Last week we used the Bing image search cognitive service to help us to find images on the internet we didn’t previously have. If the first image wasn’t relevant, we used the search results to allow us to display and pick the next best image. What if we could use AI for this manual picking process, to find a more relevant image auto-magically? Today we are going to use another cognitive service to achieve that.
Analyzing images with AI
Microsoft Azure has an “analyze an image” cognitive service, that can return a lot of different pieces of information. In particular for us, we noticed that it can identify Lego.

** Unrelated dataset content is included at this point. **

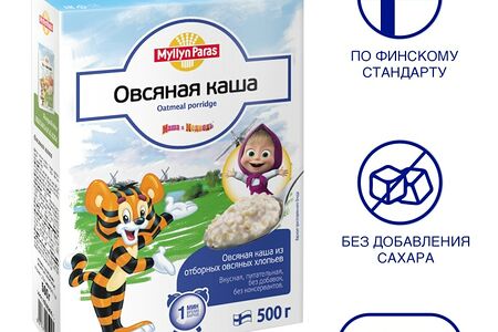 Каша Myllyn Paras Овсяная 500г производится из отборных цельных зерен овса, расплющенных в тонкие хлопья. Она не содержит искусственных добавок, ароматизаторов и консервантов. В ней много пищевых волокон, способствующих очищению кишечника и хорошей работе ЖКТ, есть природные витамины С, К, Е, PP, B1, B2 и B6, а также полезные минеральные вещества. Готовится такая каша быстро и просто: вам нужно вскипятить 1 стакан воды или молока, всыпать 1/2 стакана хлопьев, проварить в течение одной минуты и дать немного настояться под крышкой.

In contrast, one of our sets returned the following image as the top/first image last week. These tags do not contain the Lego tag, as it’s clearly a property listing photo.

Given this information, we know that Lego models have a distinct tag identifier – the name “LEGO”. We are going to perform our Bing image search, and then analyze each image. If the image doesn’t contain the “LEGO” tag, we can discard that image. This will help guarantee that we only select and show pictures that contain the Lego tag. This is much more efficient than opening the image picker and removing the images ourselves – a very manual process for us.
Setting up the Analyze image API call
We start by reading the API for the Analyze image call. Since we are looking at images online, we will use the imageUrl call. We pass in tags, and plan to look for the tag “Lego”. In the example below, in theory, this should filter out the last two images. We are using the same cognitive services resource we created last week, so we use the same subscription key too, (in blue below). You’ll note in the query string we request for “Tags” to be returned in the response, in English, (in red below). The image we are processing, needs to be passed inside a Json document, which we can create and serialize using the JsonConvert command, (in green below). We then send the request, and process the response, returning each tag and the confidence in that tag (as a percentage). Here is the completed code.

With this new code, we also update our image picker page. Instead of getting the first 10 images, we get the first 20 images, throwing away any images without Lego until we get to 10 images. (Note that it’s possible we could end up with less than 10 remaining images). Here is the current page for an X-Wing, note the two false-positive pictures of houses.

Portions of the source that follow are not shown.